▶ What you need to do:
Would you repeat the listing exactly but omit every picture?

▶ Dataset excerpt:
'''

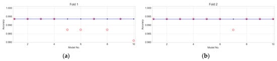 To evaluate the effect of the number of models in the ensemble, we created different ensembles with the number of models ranging from one to ten and evaluated the performance of each ensemble on the test set. We also evaluated the performance of each of the ten standalone models on the test set. Figure 11 shows the accuracies of the accumulative ensemble models indicated by the blue stars and curve as well as the accuracies of the unique standalone models indicated by the red circles. When there is one model, the results of the ensemble model and the single model are always identical, and as the size of the model increases, the advantages of the ensemble are clearly revealed. The traditional ensemble method, such as random forests [44,45], typically consists of 30 decision trees, and in many cases the number of decision trees is over 100. However, the number of models in a CNN ensemble is normally from 5 to 10 because more models make it more time consuming and computationally expensive to train. As shown in Figure 11, when there are five or more models, the blue curves of the ensembles showed accuracies that are better or comparable to those of single models in almost all cases. Fold 1, fold 2, and fold 5 had the same characteristics. The use of an ensemble helps to achieve high accuracies and keep accuracies stabilized better than randomly selected single models whose accuracies are sometimes high and sometimes a little lower. In fold 3, increasing the model number of the ensemble does not only increase accuracy, but it also maintains a stable state. In the case of fold 4, when the number of models in the ensemble increased, the accuracy also is increased; however, many single models with lower accuracies added make the accuracy of the ensemble models a little lower. Nonetheless, the ensemble accuracy is still higher than almost any randomly selected single models.
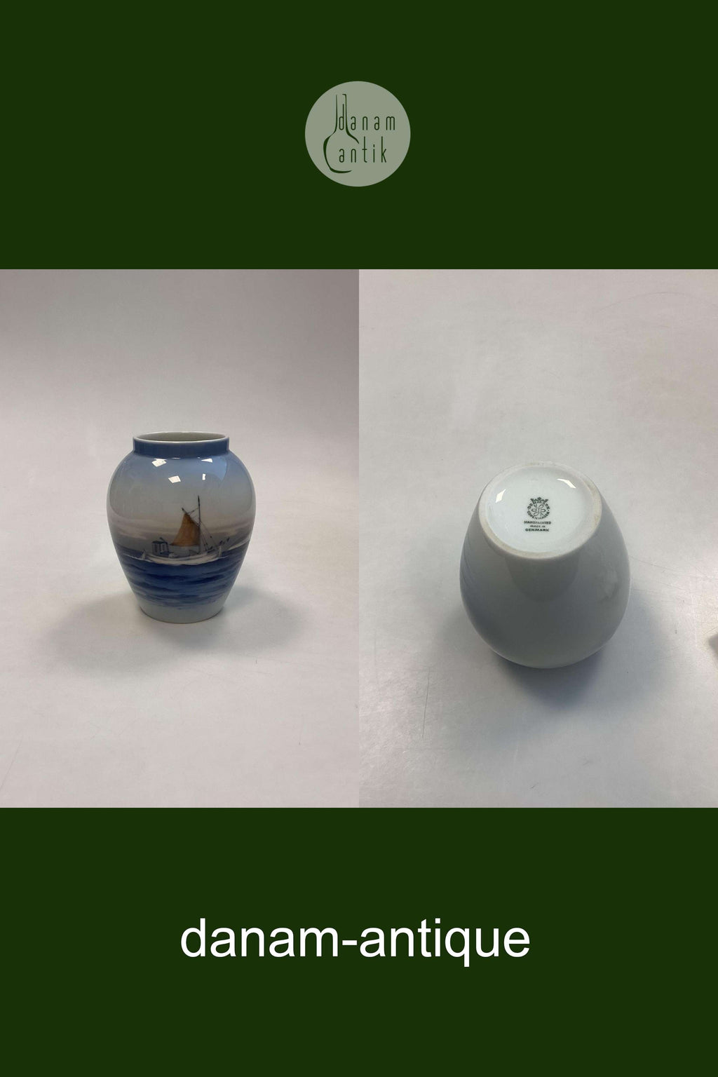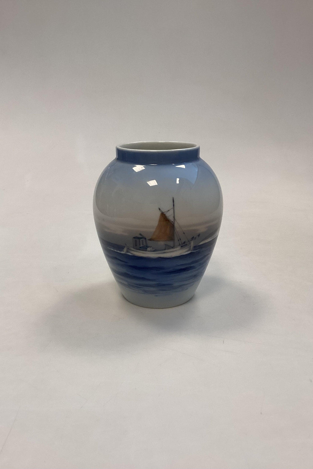 Lyngby Porcelæn Vase med Fiskekutter No. 74-2. Måler 12,5 cm / 4,92 in.
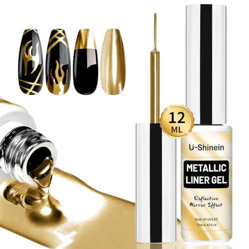 U-Shinein Metallic Painting Gel, Nail Art 3D Mirror Effect Gel Nail Polish, Painted Drawing Gel, Build in Thin Brush Soak Off Gel for Salon Home DIY Manicure, Gold
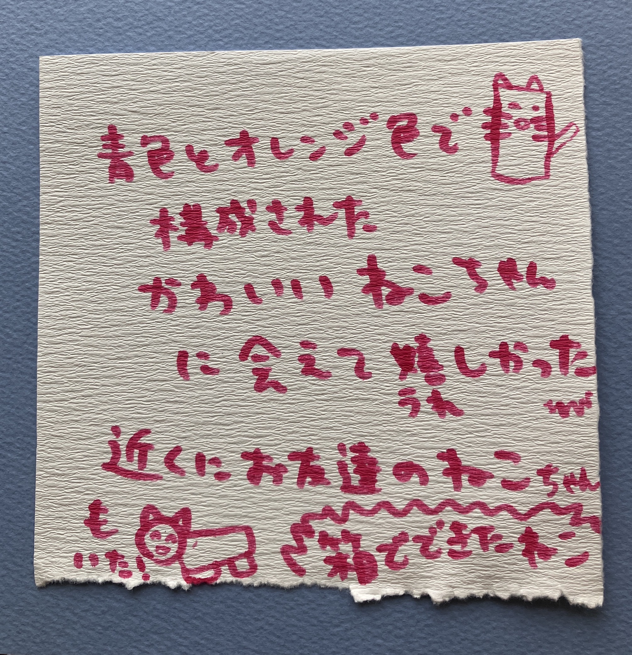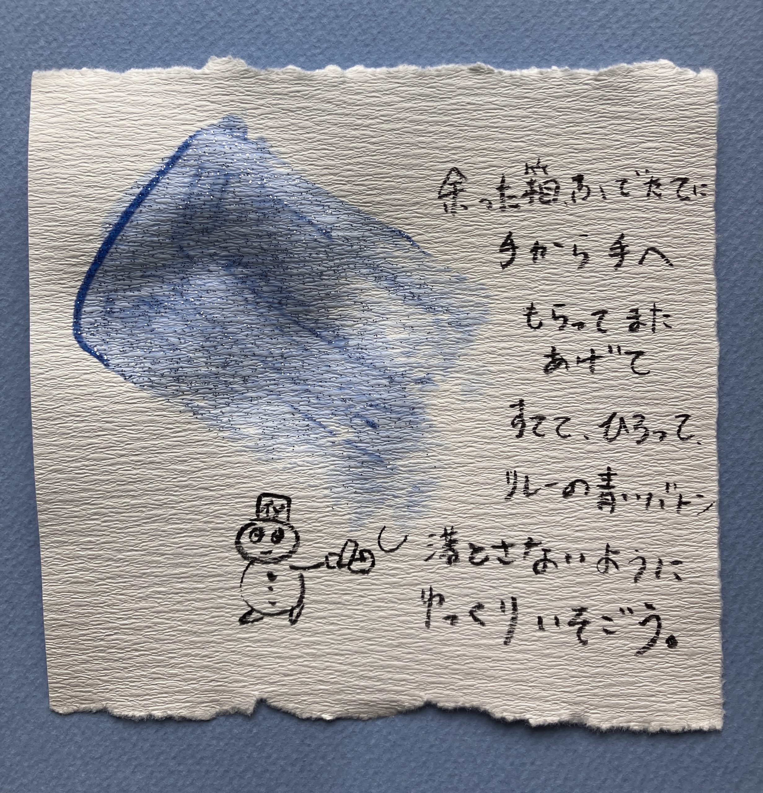図工の時間に箱が余ったからあげる、ともらった箱は偶然青い筒箱。あっちが何かペンを入れるものがないかな〜と探していたので、プレゼント。青い筆立てに。中に青い色のペンを入れてポストの横に置かれた。あっちが、次回来る時には「すきなことば」を書くための青いペンを持って来ること、とチームのみんなに言った。字が書ける青だったらなんでもいいのかな…?

'''

▶ Exercise answer:
 To evaluate the effect of the number of models in the ensemble, we created different ensembles with the number of models ranging from one to ten and evaluated the performance of each ensemble on the test set. We also evaluated the performance of each of the ten standalone models on the test set. Figure 11 shows the accuracies of the accumulative ensemble models indicated by the blue stars and curve as well as the accuracies of the unique standalone models indicated by the red circles. When there is one model, the results of the ensemble model and the single model are always identical, and as the size of the model increases, the advantages of the ensemble are clearly revealed. The traditional ensemble method, such as random forests [44,45], typically consists of 30 decision trees, and in many cases the number of decision trees is over 100. However, the number of models in a CNN ensemble is normally from 5 to 10 because more models make it more time consuming and computationally expensive to train. As shown in Figure 11, when there are five or more models, the blue curves of the ensembles showed accuracies that are better or comparable to those of single models in almost all cases. Fold 1, fold 2, and fold 5 had the same characteristics. The use of an ensemble helps to achieve high accuracies and keep accuracies stabilized better than randomly selected single models whose accuracies are sometimes high and sometimes a little lower. In fold 3, increasing the model number of the ensemble does not only increase accuracy, but it also maintains a stable state. In the case of fold 4, when the number of models in the ensemble increased, the accuracy also is increased; however, many single models with lower accuracies added make the accuracy of the ensemble models a little lower. Nonetheless, the ensemble accuracy is still higher than almost any randomly selected single models.
 Lyngby Porcelæn Vase med Fiskekutter No. 74-2. Måler 12,5 cm / 4,92 in.
 U-Shinein Metallic Painting Gel, Nail Art 3D Mirror Effect Gel Nail Polish, Painted Drawing Gel, Build in Thin Brush Soak Off Gel for Salon Home DIY Manicure, Gold
図工の時間に箱が余ったからあげる、ともらった箱は偶然青い筒箱。あっちが何かペンを入れるものがないかな〜と探していたので、プレゼント。青い筆立てに。中に青い色のペンを入れてポストの横に置かれた。あっちが、次回来る時には「すきなことば」を書くための青いペンを持って来ること、とチームのみんなに言った。字が書ける青だったらなんでもいいのかな…?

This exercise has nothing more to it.